━━ Given entries

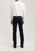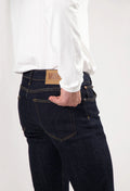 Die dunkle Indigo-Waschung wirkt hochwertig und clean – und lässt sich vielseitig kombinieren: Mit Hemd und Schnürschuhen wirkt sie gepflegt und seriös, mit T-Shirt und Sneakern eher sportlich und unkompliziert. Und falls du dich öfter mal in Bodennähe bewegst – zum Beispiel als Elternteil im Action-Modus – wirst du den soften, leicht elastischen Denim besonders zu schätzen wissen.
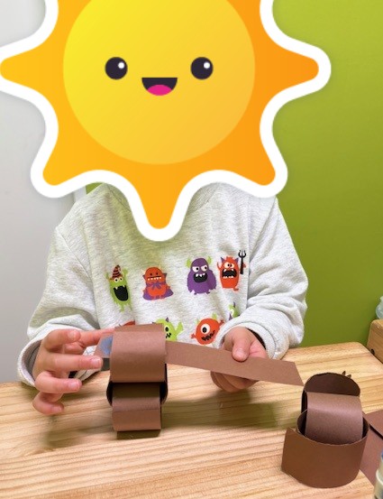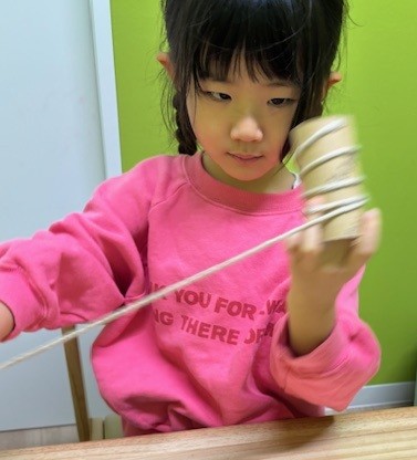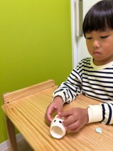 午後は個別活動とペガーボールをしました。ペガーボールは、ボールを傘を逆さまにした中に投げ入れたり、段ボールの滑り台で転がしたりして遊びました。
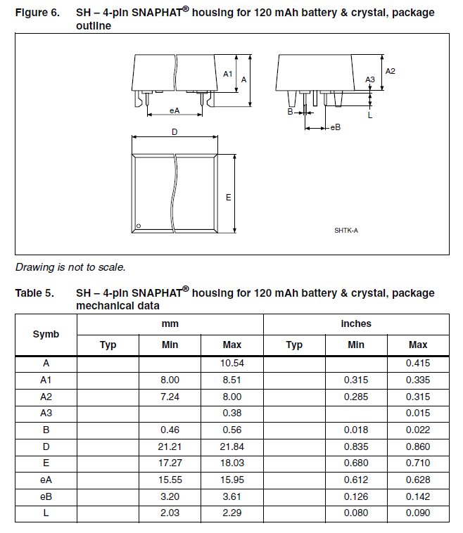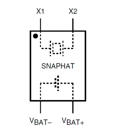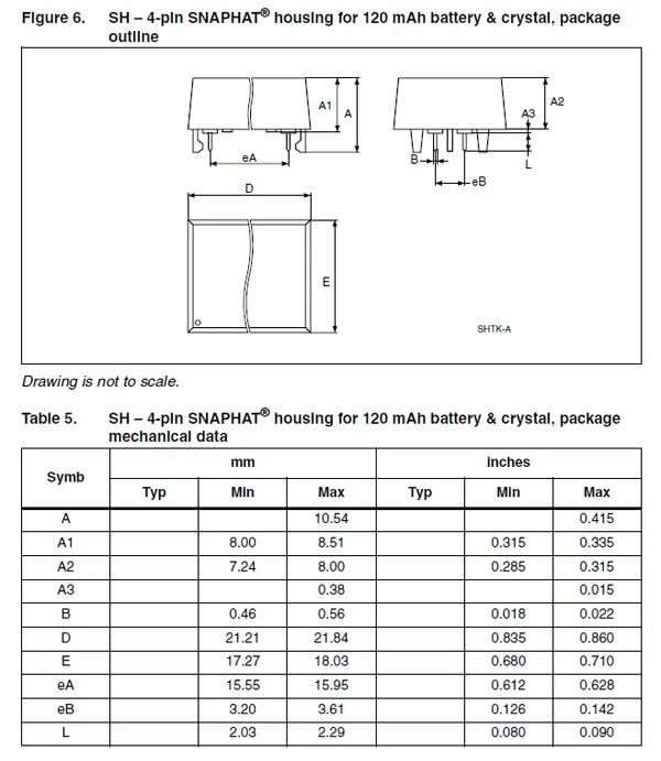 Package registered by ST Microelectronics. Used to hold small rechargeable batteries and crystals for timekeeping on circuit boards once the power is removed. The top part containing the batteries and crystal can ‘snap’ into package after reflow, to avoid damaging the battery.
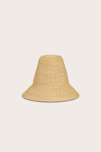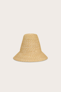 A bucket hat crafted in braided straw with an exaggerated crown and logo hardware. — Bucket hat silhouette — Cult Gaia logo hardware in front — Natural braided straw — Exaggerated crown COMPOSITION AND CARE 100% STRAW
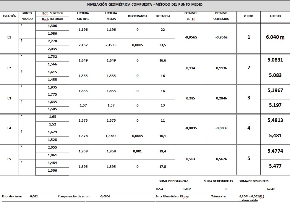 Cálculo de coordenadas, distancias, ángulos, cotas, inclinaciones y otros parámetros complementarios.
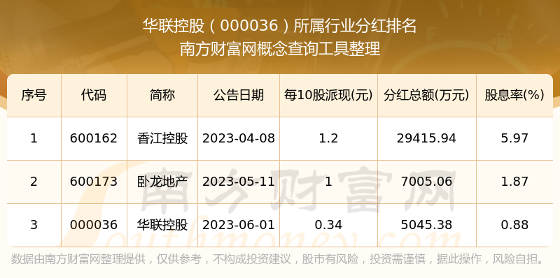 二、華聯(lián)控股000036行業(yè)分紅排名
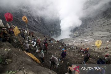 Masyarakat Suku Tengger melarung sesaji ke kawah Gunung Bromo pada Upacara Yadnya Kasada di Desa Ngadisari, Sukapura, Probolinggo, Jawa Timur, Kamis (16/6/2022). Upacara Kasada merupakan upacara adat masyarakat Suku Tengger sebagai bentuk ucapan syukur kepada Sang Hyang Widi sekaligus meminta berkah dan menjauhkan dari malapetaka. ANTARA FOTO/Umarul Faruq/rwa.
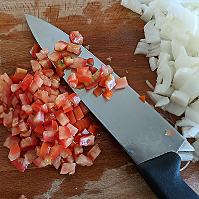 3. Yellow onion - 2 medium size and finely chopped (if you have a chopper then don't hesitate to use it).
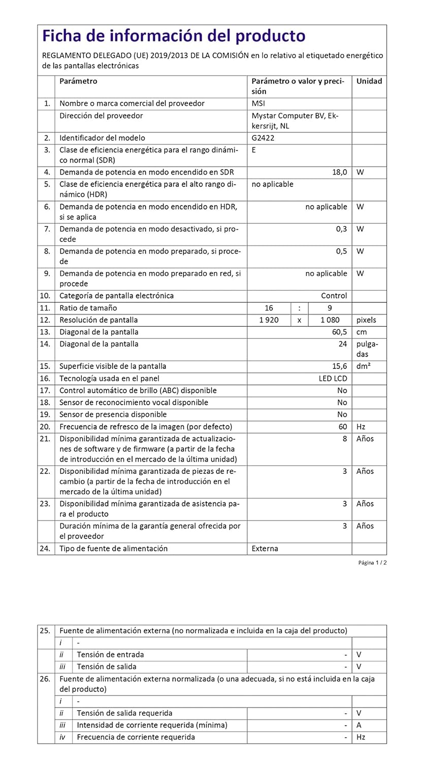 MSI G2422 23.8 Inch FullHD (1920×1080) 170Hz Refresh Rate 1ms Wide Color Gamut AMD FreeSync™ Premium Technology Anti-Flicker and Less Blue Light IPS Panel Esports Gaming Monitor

━━━━

# [Instructions for the task]
Each line above should be returned exactly as it stands, minus any pictures.

# [Response below]
 Die dunkle Indigo-Waschung wirkt hochwertig und clean – und lässt sich vielseitig kombinieren: Mit Hemd und Schnürschuhen wirkt sie gepflegt und seriös, mit T-Shirt und Sneakern eher sportlich und unkompliziert. Und falls du dich öfter mal in Bodennähe bewegst – zum Beispiel als Elternteil im Action-Modus – wirst du den soften, leicht elastischen Denim besonders zu schätzen wissen.
 午後は個別活動とペガーボールをしました。ペガーボールは、ボールを傘を逆さまにした中に投げ入れたり、段ボールの滑り台で転がしたりして遊びました。
 Package registered by ST Microelectronics. Used to hold small rechargeable batteries and crystals for timekeeping on circuit boards once the power is removed. The top part containing the batteries and crystal can ‘snap’ into package after reflow, to avoid damaging the battery.
 A bucket hat crafted in braided straw with an exaggerated crown and logo hardware. — Bucket hat silhouette — Cult Gaia logo hardware in front — Natural braided straw — Exaggerated crown COMPOSITION AND CARE 100% STRAW
 Cálculo de coordenadas, distancias, ángulos, cotas, inclinaciones y otros parámetros complementarios.
 二、華聯(lián)控股000036行業(yè)分紅排名
 Masyarakat Suku Tengger melarung sesaji ke kawah Gunung Bromo pada Upacara Yadnya Kasada di Desa Ngadisari, Sukapura, Probolinggo, Jawa Timur, Kamis (16/6/2022). Upacara Kasada merupakan upacara adat masyarakat Suku Tengger sebagai bentuk ucapan syukur kepada Sang Hyang Widi sekaligus meminta berkah dan menjauhkan dari malapetaka. ANTARA FOTO/Umarul Faruq/rwa.
 3. Yellow onion - 2 medium size and finely chopped (if you have a chopper then don't hesitate to use it).
 MSI G2422 23.8 Inch FullHD (1920×1080) 170Hz Refresh Rate 1ms Wide Color Gamut AMD FreeSync™ Premium Technology Anti-Flicker and Less Blue Light IPS Panel Esports Gaming Monitor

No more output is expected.